There’s luminance noise in A4 JPEGs taken at ISO 800-1600, but it does not detract from the images. However, they are noticeably softer than those taken at ISO 100 because so much detail is lost from heavy noise reduction.
ISO 400 and below achieved the best results so, for day-to-day shooting, it is better to set the ISO to Auto and limit it to ISO 400. Between ISO 1600 and the maximum extended ISO 6400 slight colour noise starts to appear and luminance noise is very evident, while detail along high-contrast edges becomes jagged and smudgy.

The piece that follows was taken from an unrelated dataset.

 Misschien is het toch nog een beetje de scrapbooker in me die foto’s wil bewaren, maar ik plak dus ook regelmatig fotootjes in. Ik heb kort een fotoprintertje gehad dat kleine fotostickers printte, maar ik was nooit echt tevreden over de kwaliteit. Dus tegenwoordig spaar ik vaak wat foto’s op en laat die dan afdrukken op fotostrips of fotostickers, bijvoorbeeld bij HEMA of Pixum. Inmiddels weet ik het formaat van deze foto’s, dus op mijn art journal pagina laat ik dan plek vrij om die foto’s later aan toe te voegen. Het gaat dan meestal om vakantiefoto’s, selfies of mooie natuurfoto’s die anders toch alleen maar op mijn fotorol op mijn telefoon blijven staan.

At low ISO sensitivities the dynamic range is very impressive. At ISO 100 the TZ60 was able to capture an impressive 12.3 stops of light, though this drops to 7.4 stops at ISO 1600.

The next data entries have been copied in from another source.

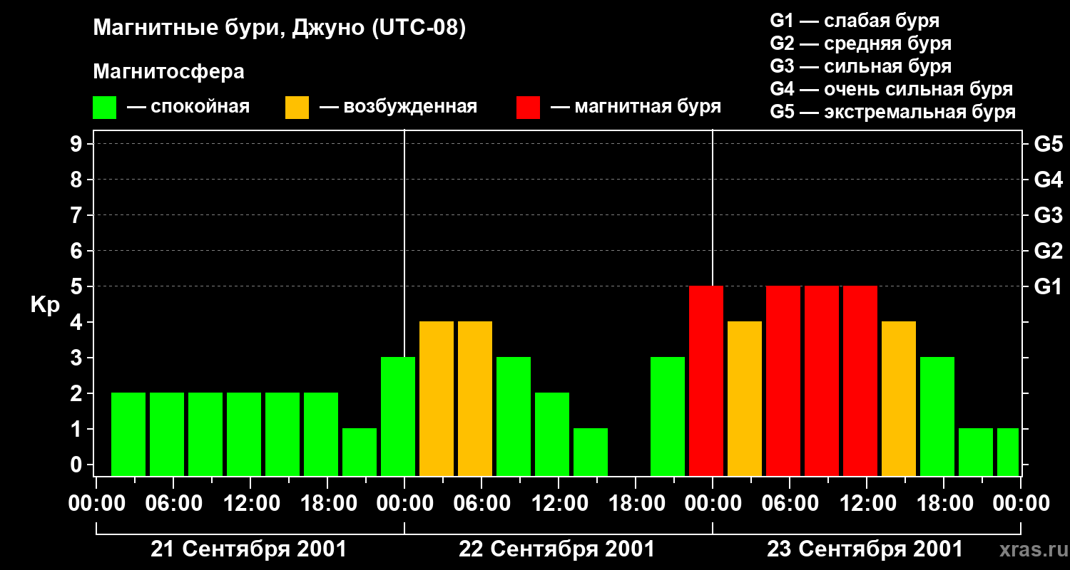 Изменения геомагнитного индекса Kp с 21 по 23 сентября 2001 года для средних широт
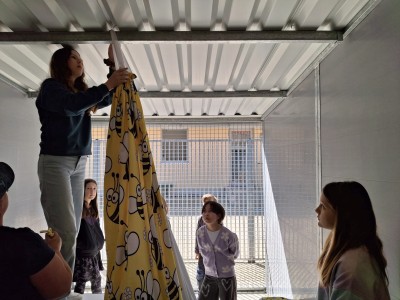 Um unseren Katzen eine weitere Spielmöglichkeit zu schenken, haben wir anschließend in einem der Katzenzimmer eine bunte Hängematte aufgehängt. Begeistert von diesem neuen Kuschelplatz, möchten wir auch die restlichen Vermittlungsräume mit solchen Hängematten verschönern.
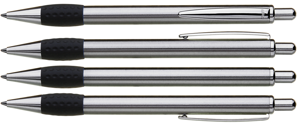 Metall-Druckkugelschreiber mit Schaft, Drücker, Clip und Spitze glanzverchromt. Gummigriffzone... mehr
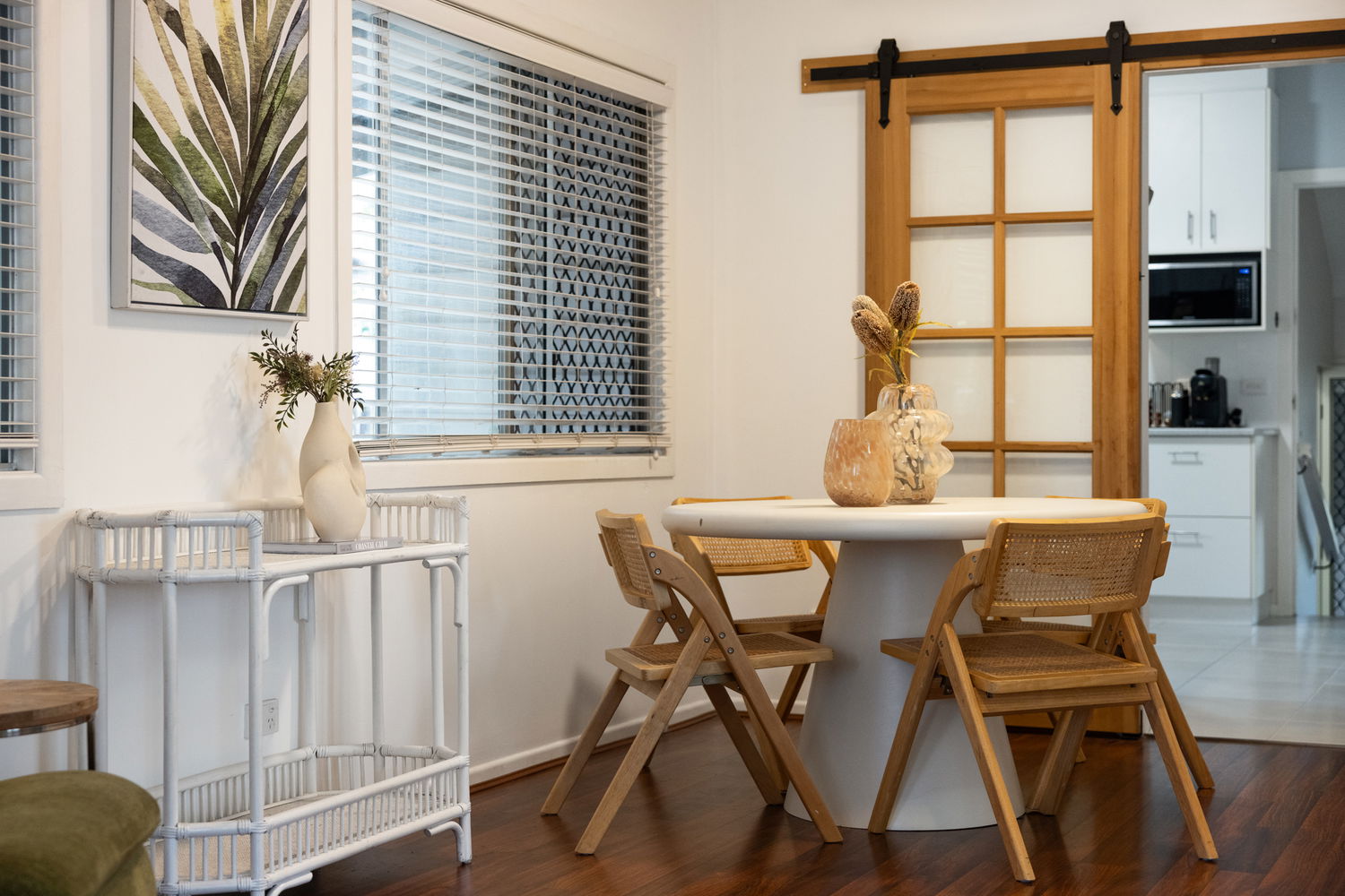 Step inside to find a bright and welcoming flow that carries throughout the home, creating a warm and inviting atmosphere. The open-plan living and dining area is thoughtfully designed for both comfort and functionality, with air conditioning providing year-round comfort. Whether you’re hosting friends, spending time with family, or simply relaxing, this central space offers the perfect setting. Large windows fill the room with natural light, enhancing the sense of openness from the moment you walk through the door.
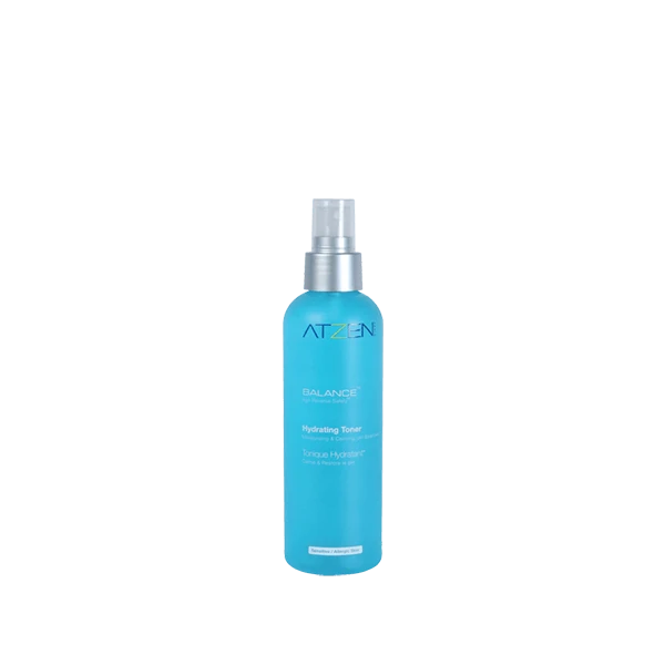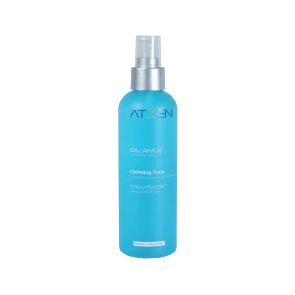 ATZEN Hydrating Toner is a skin transforming toner; a must after cleansing, exfoliating, mask and anytime water touches skin. Restores the natural pH of the skin that is lower than the pH of water; restores your acid mantel. Soothes, hydrates and prepares skin for serums or creams. Makes all skin care products more effective. Is a treatment product with numerous powerful and innovative ingredients. Alcohol-free. The beautiful turquoise blue color is made of 100% organic flower extracts.

In high-contrast scenes, plenty of detail is retained in shadows, as well as in highlights, which can be brought back in post processing. As the metering prioritises mid-tones it sometimes loses highlight detail, particularly in skies.
The dynamic range can be maximised by shooting -0.6 E.V and bringing the shadows up in post production.

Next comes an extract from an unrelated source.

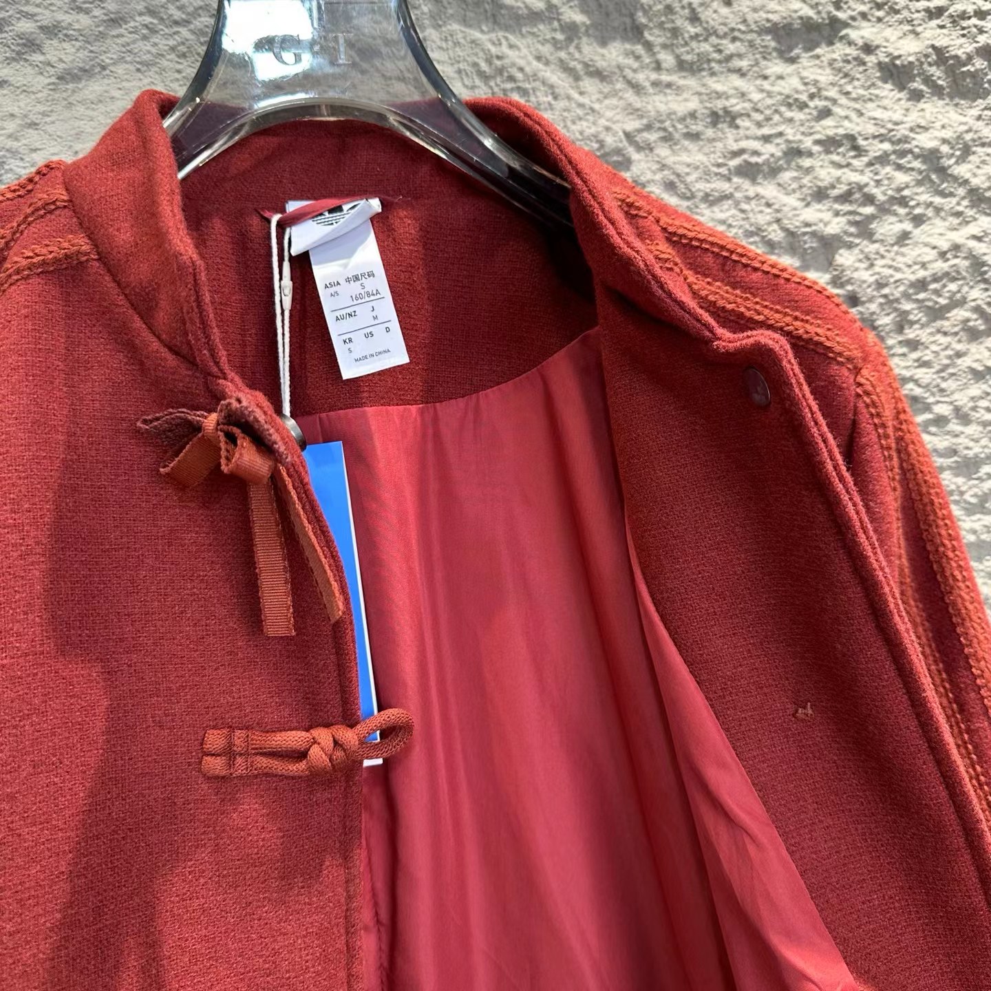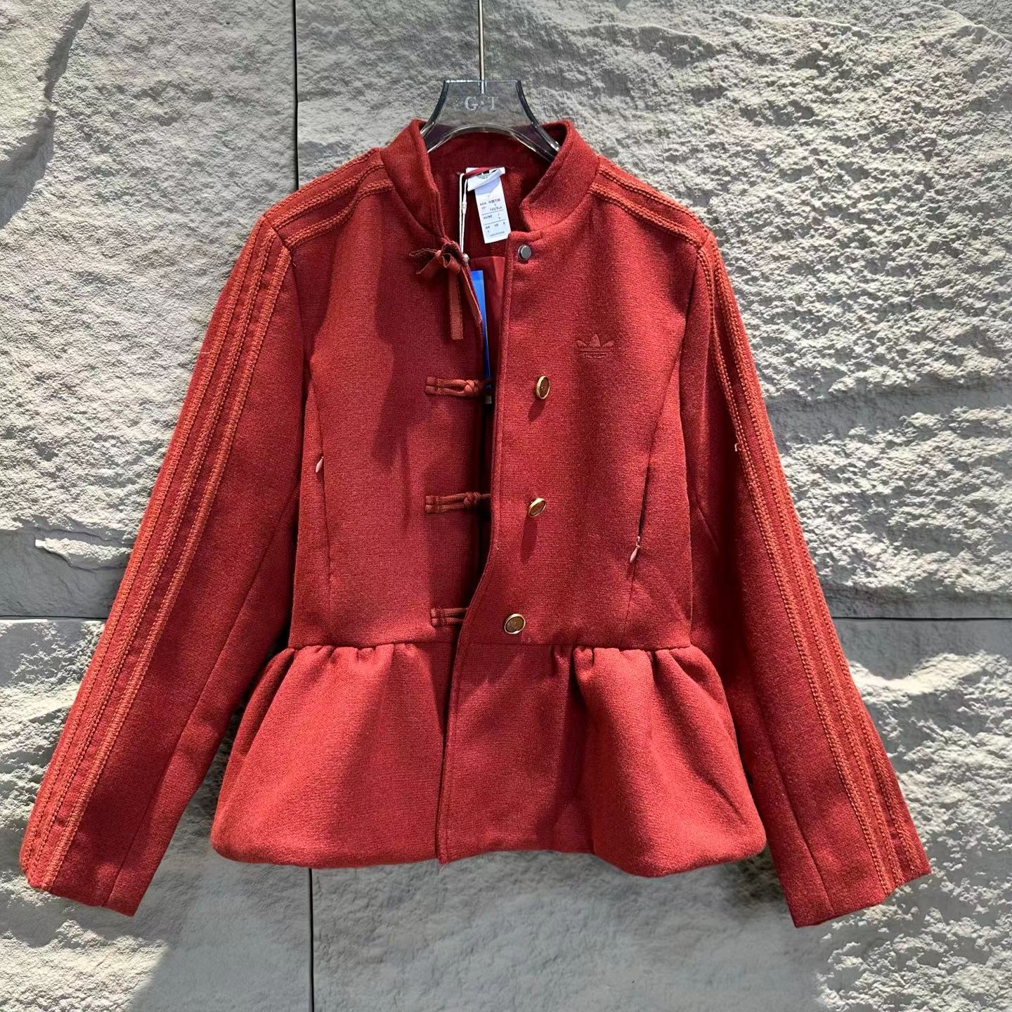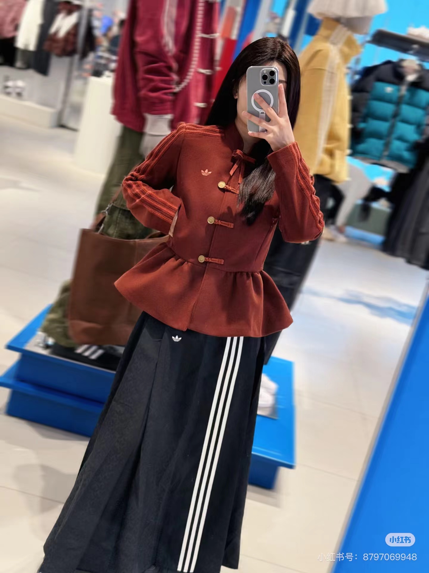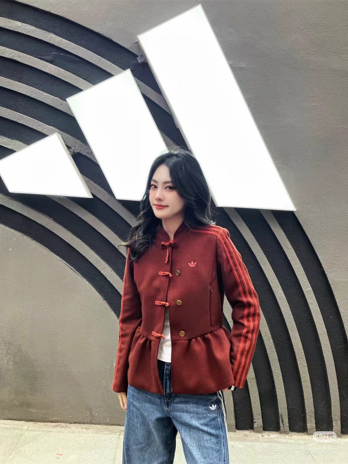 立领搭配盘扣元素,运动风的三条纹与柔美花苞裙摆碰撞。红运当头显气场,黑调冷艳,无论是新年聚会还是日常出街,轻松拿捏新中式氛围感,穿上它,马年一马当先,美得毫不费力。jing典中国红,藏黑沉稳大气,低调中透着gao级感。收腰花苞设计显瘦一绝,修饰身形,东方韵致,立领邂逅灵动盘扣,运动基因融入国风美学。利落剪裁勾勒曼妙曲线,柔软面料兼顾舒适与挺括。一件外套,两种风情,红黑双色解锁多元穿搭可能。新中式穿搭的天花板,非它莫属

The AWB (Automatic White Balance) is accurate particularly in fluorescent or incandescent lighting, though it can be a touch too warm in tungsten lighting.
Daylight, Cloudy, Shade and Incandescent Lighting can all be adjusted to by tapping the display button in the white balance menu. Generally, the TZ60’s colour rendition gives pleasant and true-to-scene colours.
With its high-quality construction the TZ60 feels like a far more serious camera than the TZ40. The menus are easily navigable and once set up the custom function buttons offset the loss of the touchscreen. The EVF is low resolution but still good enough – something is better than nothing here, though a touchscreen would be nice.
At high ISO sensitivities images have little detail and JPEGs are heavily processed. However, for small-scale prints or for web use the ISO can be pushed to 1600 without a problem and anything below 400 returns good images.
The GPS is very handy and Wi-Fi functionality is class-leading, while the 24-720mm lens is suitable for everything from landscapes to wildlife and raw image shooting will broaden the appeal of the TZ60. Its direct competitor is the £350 Sony Cyber-Shot DSC-HX60, which is similar in size and specification – measuring 108.1mm x 64.3 x 34.4mm and carrying a x30 zoom with a minimum aperture of f/3.5, rather than f/3.3.
They're well matched cameras, but the Lumix TZ60 just about edges it as the best travel compact on the market. If that's what you're after, the TZ60 ticks all the boxes.
If you want a travel camera with a long zoom that fits in your pocket, the Panasonic Lumix TZ60 remains the one of the best options out there.